Second, we must move from reaction to initiative. Prepare a Mawlid media kit that anticipates common questions. Train spokespersons in cross‑cultural communication. Build standing partnerships with editors, universities, interfaith councils, and community foundations. The goal is not to chase controversy. The goal is to raise the level of conversation and to be present before the next crisis. Wisdom leads. Temperate speech earns trust. The Qur’an’s communication ethic gives the tone and the boundary.
Third, let mercy be visible. People learn what we value by what we do. Organise joint food‑security drives. Offer youth mentorship and mental‑health support in underserved neighbourhoods. Plant trees in districts that lack shade and clean air. Post simple metrics after Mawlid season. How many volunteers mobilised.
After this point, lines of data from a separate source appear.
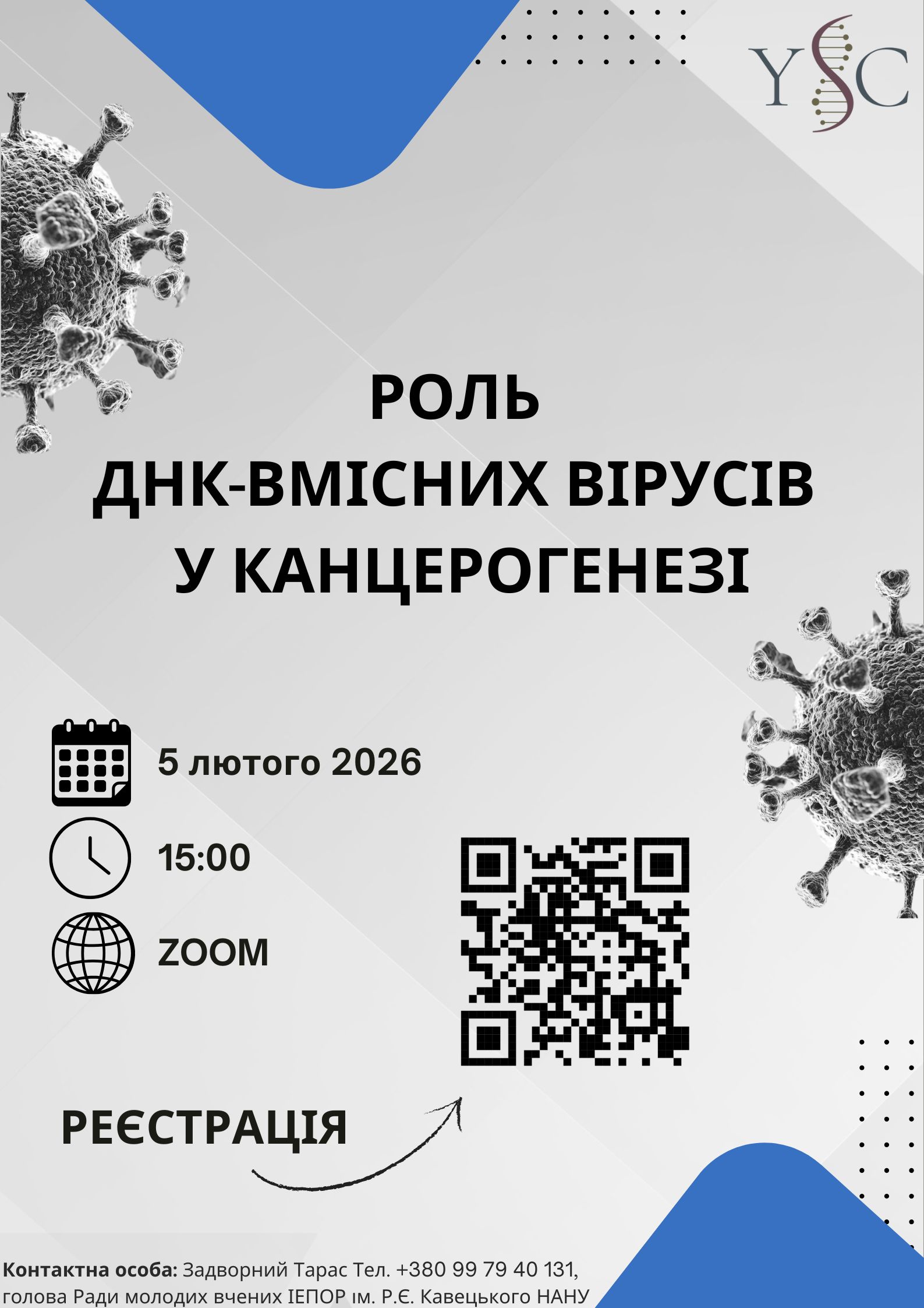 5 лютого 2026 року в Інституті експериментальної патології, онкології і радіобіології (ІЕПОР) ім. Р.Є. Кавецького НАН України відбудеться науковий онлайн-семінар, присвячений ролі вірусів у виникненні та прогресії злоякісних новоутворень.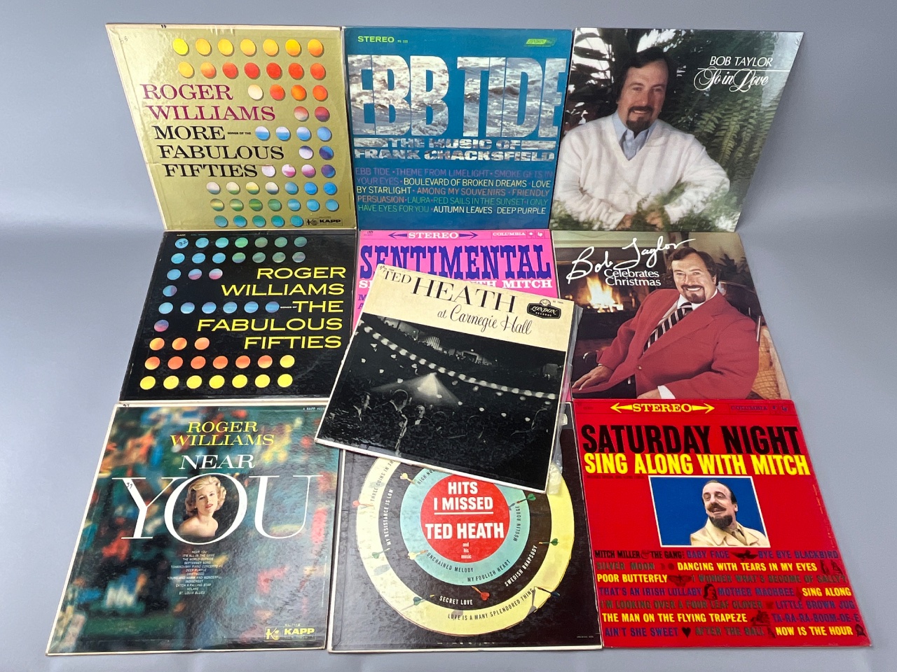 Collection of ten vinyl record albums featuring various artists and titles, including ‘Roger Williams More – Fabulous Fifties’, ‘BB Tide’, ‘Bob Taylor You’re Alive’, ‘Roger Williams – The Fabulous Fifties’, ‘Sentimental at Carnegie Hall’, ‘Hits I Missed Ted Heath’, ‘Roger Williams Near You’, and ‘Saturday Night Sing Along with Mitch’. Likely mid-1950s to early 1960s era LPs, primarily easy listening and pop genres. CONDITION: Some visible wear on album covers. No visible scratches on the records themselves. SHIPPING: In-House Shipping Available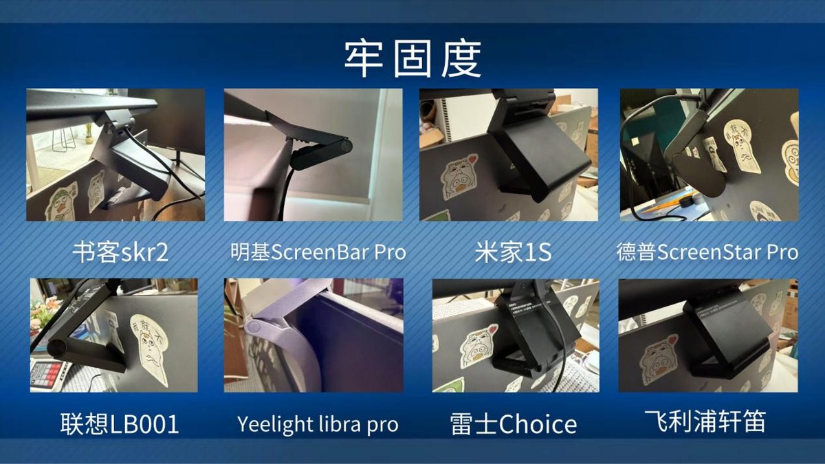 这几款在牢固度测试里表现比较稳,安装到显示器上之后贴合度很好,轻微晃动桌面时灯体基本不会跟着动。实际使用过程中位置比较固定,不容易滑动或掉落,用起来更安心,也不用担心碰到之后砸到屏幕。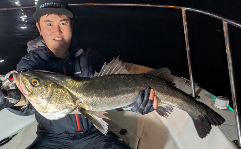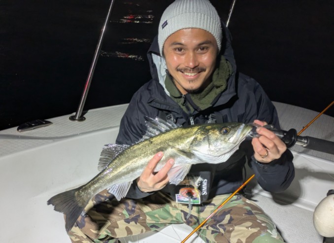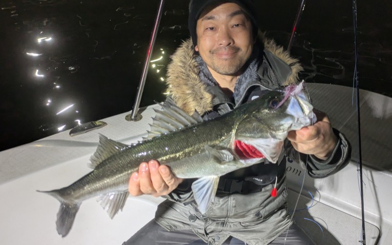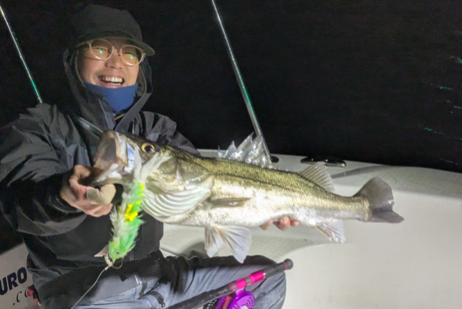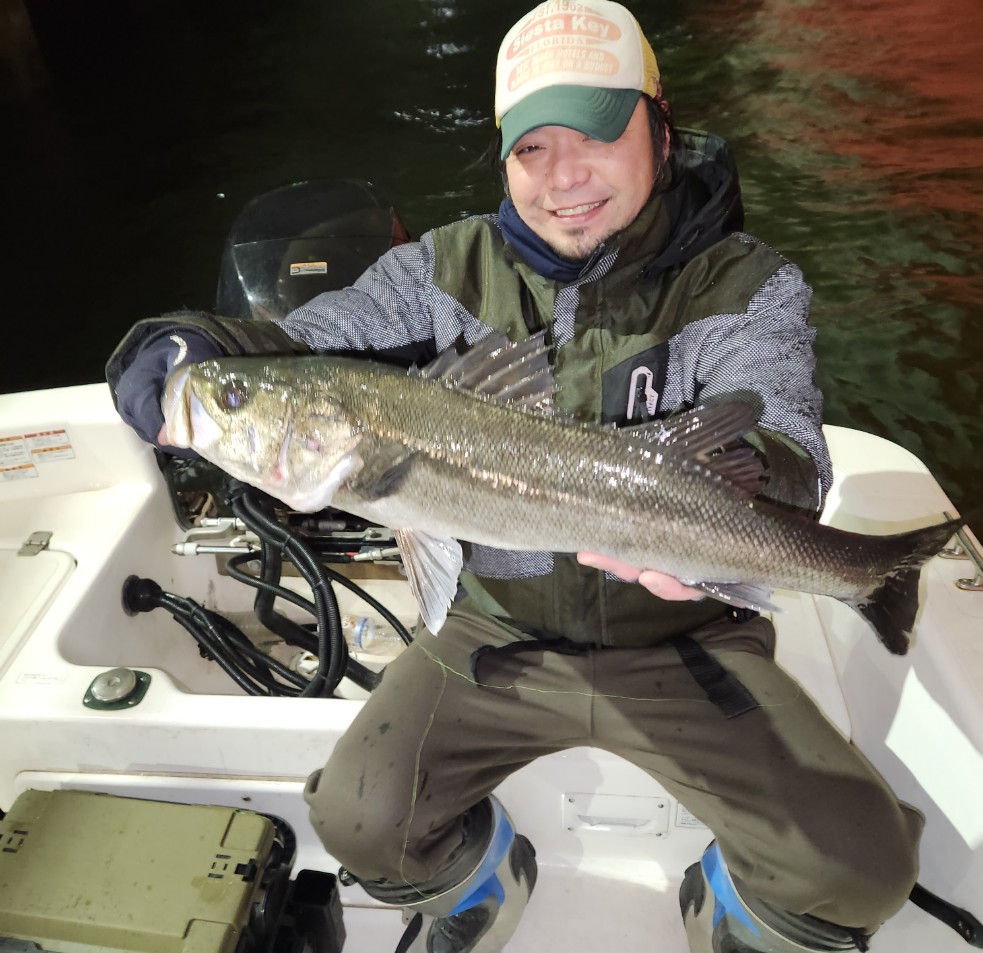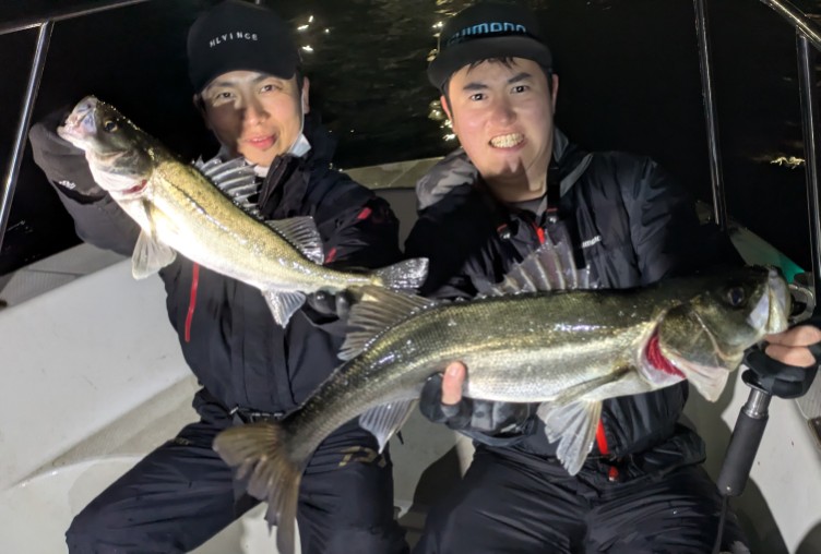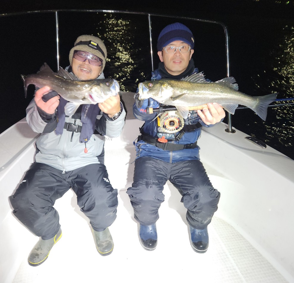 ルアーも好反応、お二人で寒さ吹き飛ぶシーバスフィッシングを楽しんでいただきました!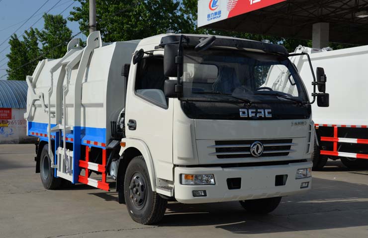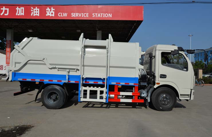 容積6~8立方米,箱體采用Q235碳鋼材質(zhì),箱體右側(cè)配液壓掛桶提升機(jī),可掛國標(biāo)120升+240升塑料垃圾桶,駕駛室外部手動操作,鐵通掛架;后門鎖緊為機(jī)械鎖緊,手動開啟;相同結(jié)構(gòu)為槍版形式。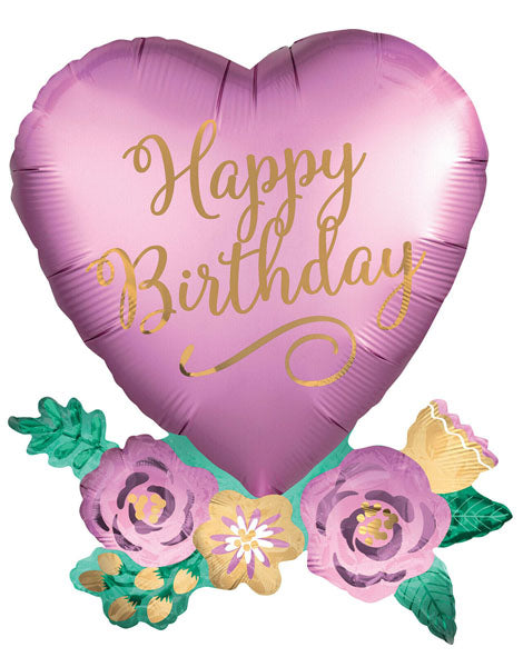 Globo de satén con forma de corazón de 30 pulgadas con anagrama para cumpleaños
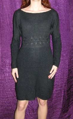 Вязаное шерстяное платье с узором из кос и рукавом "летучая мышь".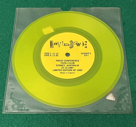 UK 7" yellow vinyl by David Bowie of "Press conference, Tivoli Club, Sydney, Australia 27.10.1987" issued on Spider 3 in 1987, this one of only 1,000 discs pressed.

How many families assisted. How many schools reached. Service is not a substitute for rights work, yet it often speaks more clearly than argument about our Prophet’s legacy.
Policy helps this work travel farther. Egypt can lead a coordinated communication plan each year from Mawlid to Ramadan, with shared messages and a unified visual identity for domestic audiences and the diaspora. An observatory can track Islamophobia and all forms of religious hate in Arabic and English, aligning its outputs with UN frameworks and police statistics. A Cairo forum on “Mercy in Public Life,” held annually in Mawlid season, can gather educators, media leaders, and faith representatives to present data, case studies, and joint projects. The forum’s proceedings should be published online for accountability and replication.
The point of all this is not image management. It is fidelity. Mawlid is our reminder that mercy is a duty in public life, not a private sentiment. When the climate grows harsher, our task is to model what we claim. Speak with wisdom. Stand with the targeted. Work for the common good. If our celebration is seen in steady service and disciplined speech, then the story others tell about the Prophet will not have the last word. Our lived witness will.